Ethylenediamine (en), or #(CH_2)_2(NH_2)_2#, is a weak base, which implies that you've essentially performed a weak base - strong acid titration.
Because en is dibasic, you'll have 2 equivalence points on the titration curve, and the pH after neutralization will be less than 7.
Now, if you've used 15 mL of a 30% en solution in the titration, the 2.5 mL volume of #"HCl"# solution used is far too little.

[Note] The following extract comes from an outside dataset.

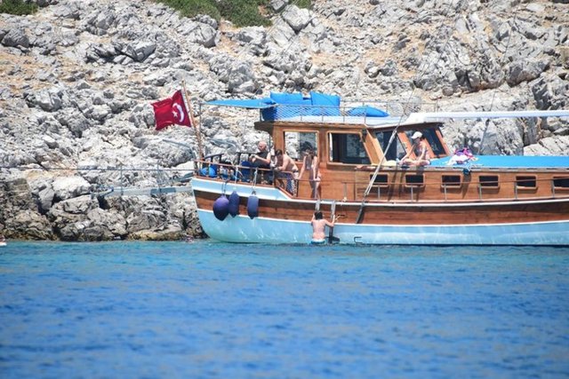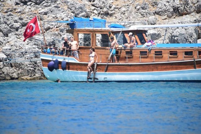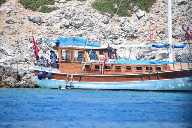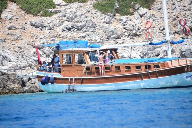 Tatilini Bodrum'da geçiren güzel oyuncu, önceki akşam sevgilisi Özgür İnal ve oğlu Osman Nejat'la tekne turuna çıktı.

A #"30% v/v"# solution would have 30 mL of en in every 100 mL of solution; if you've used 15 mL of solution, then the volume of en is
#"30%" = V_("en")/V_("solution") * 100 => V_("en") = (30 * V_("solution"))/100#
#V_("en") = (30 * "15 mL")/100 = "4.5 mL"#
Using its given density will give you the mass
#4.5cancel("mL") * "0.90 g"/(1cancel("mL")) = "4.05 g"#
Here's what doesn't seem right to me. In this case, the number of moles of en would be
#4.05cancel("g") * "1 mole"/(60.10cancel("g")) = "0.0674 moles en"#
The first equivalence point would have the number of moles of en equal to the number of moles of HCl, which is
#C = n/V => n = C * V#
#n_("HCl") = "5 M" * 2.5 * 10^(-3)"L" = "0.0125 moles HCl"#
In this case, It'sclear that you've used too little #"HCl"# and neutralization is a long way ahead, i.e. you need more #"HCl"#.
Another approach I'd take is to work backwards from the number of moles of #"HCl"# to get the number of moles of en.
The second equivalence point requires 2 times more moles of #"HCl"# than of en, which means that
#n_("en") = "0.0125 moles"/2 = "0.00625 moles en"#
This is equivalent to
#0.00625cancel("moles en") * "60.10 g"/(1 cancel("mole en")) = "0.376 g en "#, or
#rho = m/V => V_("en") = m/(rho) = (0.376cancel("g"))/(0.90cancel("g")/"mL") = "0.42 mL"#
which corresponds to
#V_("solution") = (V_("en") * 100)/30 = "1.4 mL en solution"#
As I can see it, you've either used 1.5 mL of solution instead of 15 mL, or 25 mL of HCl instead of 2.5 mL.